At a concert, microphones pick up the sounds of the instruments and vocalists. Precision audio connectors play a role too. By convention, 3-pole male XLR connectors (developed by Cannon in the 1950s) are gendered such that male outputs connect to female inputs. In this way, a male XLR microphone output connects to a female XLR cable end. On the other end of the cable, a male XLR cable connector plugs into the female XLR input of either a mixing console or an intermediary stage box. This male-to-female signal flow allows cables to be chained directly together if necessary to extend cable lengths, though doing so loses some of the noise-canceling benefit of the shielded twisted-pair cabling inside the microphone cables.

Miniature XLR connectors are often used in conjunction with wearable, wireless belt packs for in-ear monitoring and/or discreet, head-worn microphones.
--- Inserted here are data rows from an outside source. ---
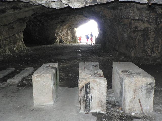 L'interno della galleria è sufficientemente illuminato e non è necessario usare la torcia elettrica (qualcuno del gruppo, però, ispezionando gli angoli bui ha trovato 2 euro). Alcuni dettagli del punto di partenza della teleferica, con i blocchi di fissaggio per i motori.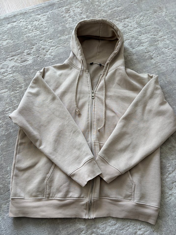 Bej renkte, yumuşak keten kumaştan yapılmış kapüşonlu fermuarlı sweatshirt. Bol kesim, uzun kollu ve midi boyda, günlük kullanıma uygun. Aynı ceketin Kahverengi ve siyahı da var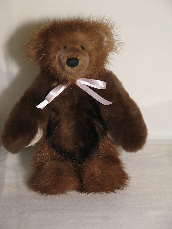 Gwen is a special teddy bear made from Gwen's fur collars and cuffs. The teddy is fully jointed, has safety eyes, and is stuffed with polyester fiber. The paw pads and inner ears are made from the lining of the collars/cuffs. Gwen is 7 inches tall.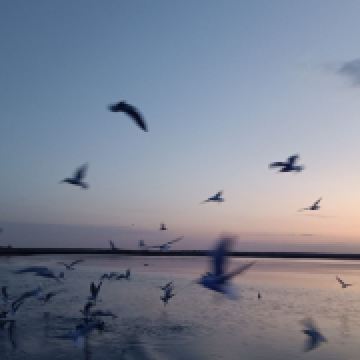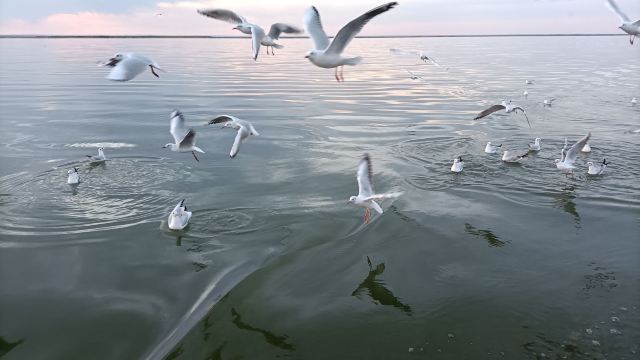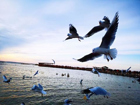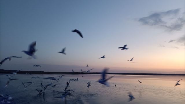我今天是选择了在观光车起点站这里拍日出,这里的优势就是地方比较大,拍出去的景比较平,而且海鸥很多。其实后来我觉得最好的点还是在码头那里,那里的芦苇多,可以拍到很漂亮的日出芦苇海的效果。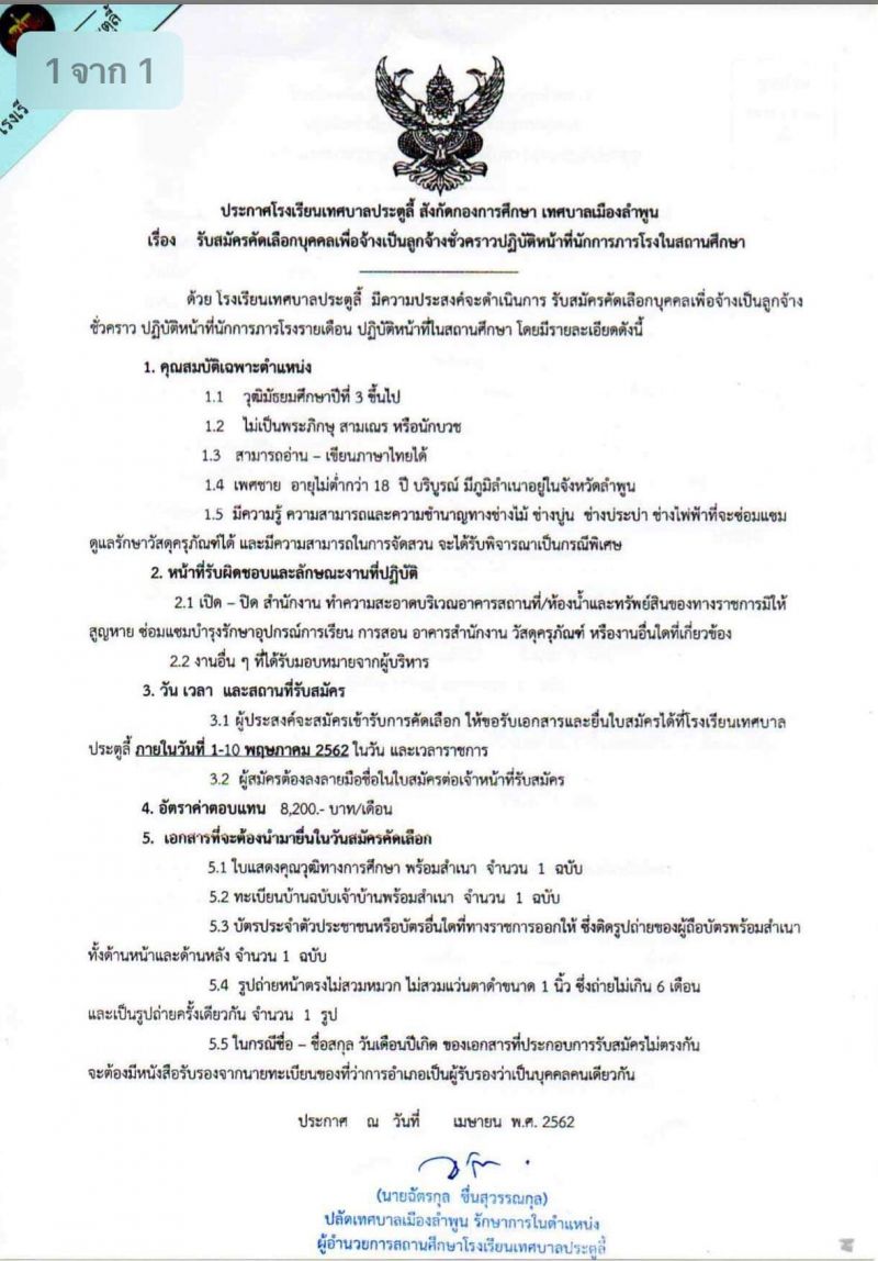 ประกาศ โรงเรียนเทศบาลประตูลี้อำเภอเมืองจังหวัดลำพูน รับสมัครพนักงานภารโรง เงินเดือน 8,000 บาท วุฒิม3 อายุ 18 ปีขึ้นไป สมัครได้ที่โรงเรียนเทศบาลประตูลี้ตั้งแต่วันที่ 1 พฤษภาคมถึงวันที่ 10 พฤษภาคม 2562

Switchcraft pioneered the category with its Tini-QG connectors. Various manufacturers offer them, such as Rean’s tiny XLR range.
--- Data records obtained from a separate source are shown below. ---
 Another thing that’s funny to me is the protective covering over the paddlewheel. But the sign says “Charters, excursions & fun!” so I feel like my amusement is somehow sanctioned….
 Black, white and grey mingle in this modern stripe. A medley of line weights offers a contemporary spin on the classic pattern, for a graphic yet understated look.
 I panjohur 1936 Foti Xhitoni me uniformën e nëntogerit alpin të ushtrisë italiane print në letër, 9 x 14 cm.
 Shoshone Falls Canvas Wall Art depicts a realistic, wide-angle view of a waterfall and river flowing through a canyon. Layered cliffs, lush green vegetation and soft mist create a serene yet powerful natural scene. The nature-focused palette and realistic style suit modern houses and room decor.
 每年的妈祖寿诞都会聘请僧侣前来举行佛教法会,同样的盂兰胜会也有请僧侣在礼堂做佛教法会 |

The support staff at the show (often called “roadies”) communicates over intercom headsets that are wired into wireless belt packs using 5- or 6-pole XLRs. The additional XLR contacts allow the wearer to speak over the headset microphone as well as to switch between different audio sources.

Not all live-event audio connectors use male-to-female gendering. ¼” A-gauge plugs and jacks connect electric and electronic instruments (guitars, keyboards, etc.) to their amplifiers and various effects devices (reverberators, equalizers, etc.). Twist-lock speakON® connectors (developed by Neutrik but offered by a variety of manufacturers under different names) connect the high-amperage outputs of audio amplifiers to loudspeakers.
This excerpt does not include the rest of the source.